I want to calculate the average clustering coefficient of a graph (from igraph package). However, I am not sure which approach I should follow.
library(igraph)
graph <- erdos.renyi.game(10000, 10000, type = "gnm")
# Global clustering coefficient
transitivity(graph)
# Average clustering coefficient
transitivity(graph, type = "average")
# The same as above
mean(transitivity(graph, type = "local"), na.rm = TRUE)
I would be grateful for some guidance.

Using transitivity(graph) computes a global clustering coefficient (transitivity):
This is simply the ratio of the triangles and the connected triples in
the graph. For directed graph the direction of the edges is ignored.
Meanwhile, transitivity(graph, type = "average") being an average of transitivity(graph, type = "local") first computes the local clustering coefficients and then averages them:
The local transitivity of an undirected graph, this is calculated for
each vertex given in the vids argument. The local transitivity of a
vertex is the ratio of the triangles connected to the vertex and the
triples centered on the vertex. For directed graph the direction of
the edges is ignored.
See, e.g., ?transitivity and Clustering coefficient.
So firstly both of them are valid measures and the choice should depend on your purposes. The difference between them is quite clear (see the wikipedia page):
It is worth noting that this metric places more weight on the low
degree nodes, while the transitivity ratio places more weight on the
high degree nodes. In fact, a weighted average where each local
clustering score is weighted by k_i(k_i-1) is identical to the global clustering
coefficient
where k_i is the number of vertex i neighbours. Hence, perhaps using both of them would be quite fair too.

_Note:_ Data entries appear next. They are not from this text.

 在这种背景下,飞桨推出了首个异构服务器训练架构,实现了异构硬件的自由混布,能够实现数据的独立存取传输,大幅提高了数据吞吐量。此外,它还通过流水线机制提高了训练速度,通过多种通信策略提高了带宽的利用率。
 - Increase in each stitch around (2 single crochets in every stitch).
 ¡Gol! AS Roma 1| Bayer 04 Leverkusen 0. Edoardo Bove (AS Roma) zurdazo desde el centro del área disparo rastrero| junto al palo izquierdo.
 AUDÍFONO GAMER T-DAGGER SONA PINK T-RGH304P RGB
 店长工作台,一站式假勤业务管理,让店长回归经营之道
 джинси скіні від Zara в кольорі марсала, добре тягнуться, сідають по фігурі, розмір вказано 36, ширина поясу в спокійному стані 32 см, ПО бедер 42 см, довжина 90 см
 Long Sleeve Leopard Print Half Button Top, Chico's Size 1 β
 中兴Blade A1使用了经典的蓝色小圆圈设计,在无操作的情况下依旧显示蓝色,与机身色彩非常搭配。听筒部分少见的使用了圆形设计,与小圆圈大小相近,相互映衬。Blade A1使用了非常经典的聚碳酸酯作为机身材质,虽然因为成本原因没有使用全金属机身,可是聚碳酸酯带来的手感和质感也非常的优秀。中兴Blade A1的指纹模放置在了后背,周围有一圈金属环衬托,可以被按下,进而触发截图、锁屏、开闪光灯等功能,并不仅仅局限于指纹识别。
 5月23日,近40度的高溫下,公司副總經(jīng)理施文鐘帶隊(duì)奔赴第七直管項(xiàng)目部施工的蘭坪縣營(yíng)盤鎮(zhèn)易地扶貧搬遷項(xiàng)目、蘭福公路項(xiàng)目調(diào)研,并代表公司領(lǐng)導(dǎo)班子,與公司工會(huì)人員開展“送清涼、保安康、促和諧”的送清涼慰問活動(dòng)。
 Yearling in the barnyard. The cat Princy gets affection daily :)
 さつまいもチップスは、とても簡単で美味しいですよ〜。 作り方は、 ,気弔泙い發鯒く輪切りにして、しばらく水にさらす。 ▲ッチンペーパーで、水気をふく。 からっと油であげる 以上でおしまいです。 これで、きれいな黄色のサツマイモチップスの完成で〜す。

#Julius Vainora answered it. Additional note for those that are trying to look for some answers for what does type = "average" do since igraph documentation doesn't say anything about it:
transitivity(graph, type = "average")
is the same as
transitivity(graph, type = "localaverage")
is the same as
transitivity(graph, type = "localaverageundirected")
is the same as
mean(transitivity(graph, type = "local"), na.rm = TRUE)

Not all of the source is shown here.